# Multinomial Logit: Solutions

**Tutorial Series**: Discrete Choice Econometrics with PanelBox

**Notebook**: 06 - Multinomial Logit (Solutions)

**Author**: PanelBox Contributors

**Date**: 2026-02-17

---

This notebook contains complete solutions for the exercises in `06_multinomial_logit.ipynb`.

In [None]:
# Setup (same as main notebook)
import warnings
from pathlib import Path

import numpy as np
import pandas as pd
import matplotlib.pyplot as plt
import seaborn as sns
from scipy.stats import norm, chi2

from panelbox.models.discrete.multinomial import MultinomialLogit

warnings.filterwarnings('ignore')
np.random.seed(42)
pd.set_option('display.max_columns', None)
pd.set_option('display.precision', 4)

plt.style.use('seaborn-v0_8-darkgrid')
plt.rcParams['figure.figsize'] = (12, 6)
plt.rcParams['font.size'] = 11

DATA_DIR = Path("..") / "data"
OUTPUT_DIR = Path("..") / "outputs"
FIG_DIR = OUTPUT_DIR / "figures"
TABLE_DIR = OUTPUT_DIR / "tables"
FIG_DIR.mkdir(parents=True, exist_ok=True)
TABLE_DIR.mkdir(parents=True, exist_ok=True)

CAREER_LABELS = {0: 'Manual', 1: 'Technical', 2: 'Managerial'}
CAREER_COLORS = {'Manual': '#e74c3c', 'Technical': '#3498db', 'Managerial': '#2ecc71'}

# Load data
data = pd.read_csv(DATA_DIR / "career_choice.csv")
full_vars = ['educ', 'exper', 'age', 'female', 'urban']
X_full = data[full_vars].values
y = data['career'].values

# Estimate full model (needed for all exercises)
model_full = MultinomialLogit(
    endog=y, exog=X_full, n_alternatives=3, base_alternative=0
)
model_full.exog_names = full_vars
results_full = model_full.fit()

print("Setup complete. Full model estimated.")
print(f"Log-L: {results_full.llf:.2f}, Accuracy: {results_full.accuracy:.1%}")

---

## Exercise 1: Reference Category Invariance (Easy)

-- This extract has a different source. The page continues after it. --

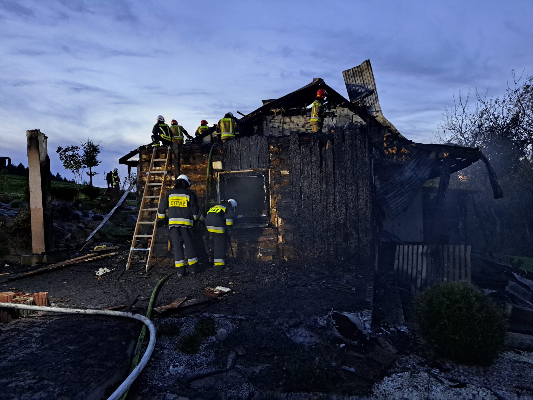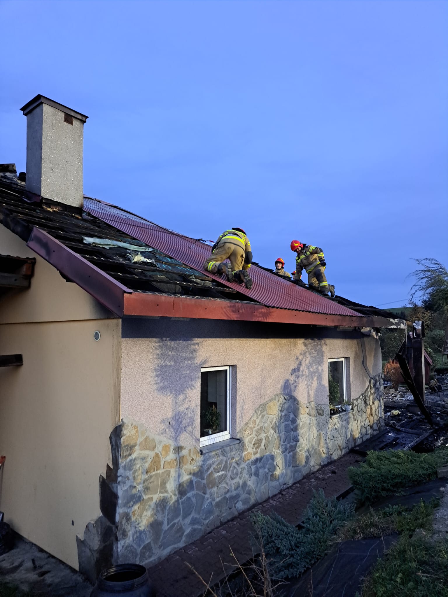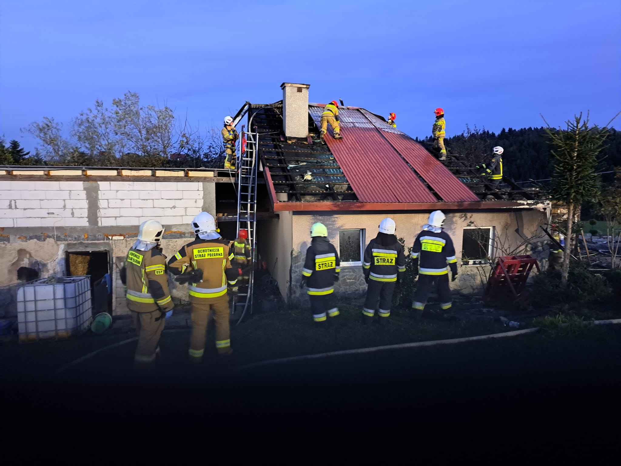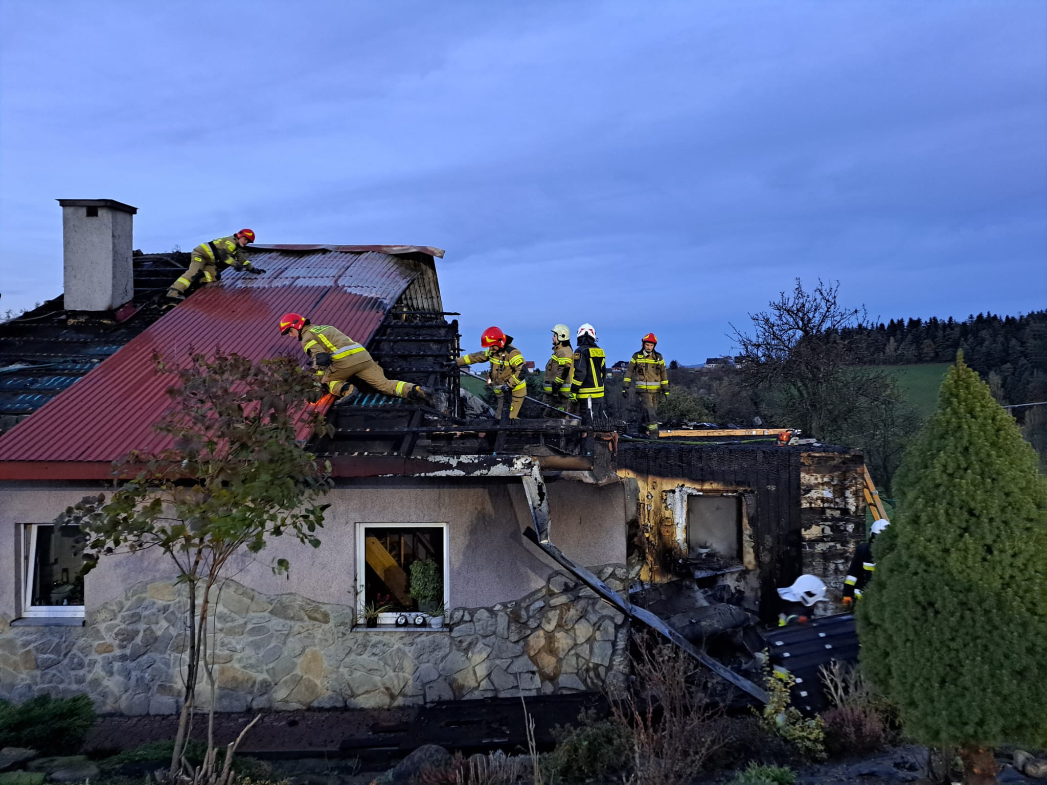 29 października o godzinie 15.19 zastępy z JRG nr 1 i 2 w Nowym Sączu, OSP Stary Sącz, OSP Barcice, OSP Moszczenica Niżna oraz OSP Gołkowice Górne zadysponowane zostały do działań w Popowicach. Po przybyciu na miejsce zdarzenia ustalono, że palił się drewniany budynek mieszkalny z przylegającym pomieszczeniem gospodarczym. Mieszkańcy opuścili obiekt przed przyjazdem strażaków. W budynku znajdowały się dwie 11 kg butle gazowe. Działania strażaków polegały na zabezpieczeniu miejsca zdarzenia oraz podaniu prądów wody na palące się poddasze. Zlokalizowano i wyniesiono butle z gazem. Po zlokalizowaniu pożaru wykonano prace rozbiórkowe i dogaszono pogorzelisko. Wodę do celów pożarowych dowożono pojazdami pożarniczymi z hydrantu oddalonego o około 4 km od miejsca pożaru. W trakcie działań jedna osoba uskarżała się na złe samopoczucie. Strażacy udzielili jej pomocy oraz zadysponowali na miejsce pożaru karetkę Pogotowia ratunkowego. Po przebadaniu osoby przez ratowników medycznych pozostała ona na miejscu zdarzenia. Pogorzelisko na bieżąco sprawdzano kamerą termowizyjną a pomieszczenia miernikami na obecność gazów niebezpiecznych. Nieprawidłowości nie stwierdzono. Działania strażaków trwały ponad trzy godziny.

**Task**: Estimate the model with `base_alternative=1` and verify predictions are identical.

In [None]:
# Exercise 1 Solution

# Estimate with base = 0 (Manual)
model_base0 = MultinomialLogit(
    endog=y, exog=X_full, n_alternatives=3, base_alternative=0
)
results_base0 = model_base0.fit()

# Estimate with base = 1 (Technical)
model_base1 = MultinomialLogit(
    endog=y, exog=X_full, n_alternatives=3, base_alternative=1
)
results_base1 = model_base1.fit()

# Estimate with base = 2 (Managerial)
model_base2 = MultinomialLogit(
    endog=y, exog=X_full, n_alternatives=3, base_alternative=2
)
results_base2 = model_base2.fit()

print("=== Coefficients with Different Base Categories ===")
for base, res, mod in [(0, results_base0, model_base0),
                        (1, results_base1, model_base1),
                        (2, results_base2, model_base2)]:
    print(f"\nBase = {base} ({CAREER_LABELS[base]}):")
    for idx, j in enumerate(mod.non_base_alts):
        coefs = ', '.join([f'{v}={c:+.4f}' for v, c in zip(full_vars, res.params_matrix[idx])])
        print(f"  {CAREER_LABELS[j]:10s} vs {CAREER_LABELS[base]:10s}: {coefs}")

In [None]:
# Compare predicted probabilities
probs_base0 = results_base0.predict_proba()
probs_base1 = results_base1.predict_proba()
probs_base2 = results_base2.predict_proba()

print("=== First 5 Predicted Probability Vectors ===")
print("\nBase = 0 (Manual):")
print(pd.DataFrame(probs_base0[:5], columns=['Manual', 'Technical', 'Managerial']).round(4))
print("\nBase = 1 (Technical):")
print(pd.DataFrame(probs_base1[:5], columns=['Manual', 'Technical', 'Managerial']).round(4))

# Verify identity
print("\n=== Numerical Verification ===")
print(f"Base 0 vs Base 1: max diff = {np.max(np.abs(probs_base0 - probs_base1)):.2e}")
print(f"Base 0 vs Base 2: max diff = {np.max(np.abs(probs_base0 - probs_base2)):.2e}")
print(f"Base 1 vs Base 2: max diff = {np.max(np.abs(probs_base1 - probs_base2)):.2e}")
print(f"\nAll identical: {np.allclose(probs_base0, probs_base1) and np.allclose(probs_base0, probs_base2)}")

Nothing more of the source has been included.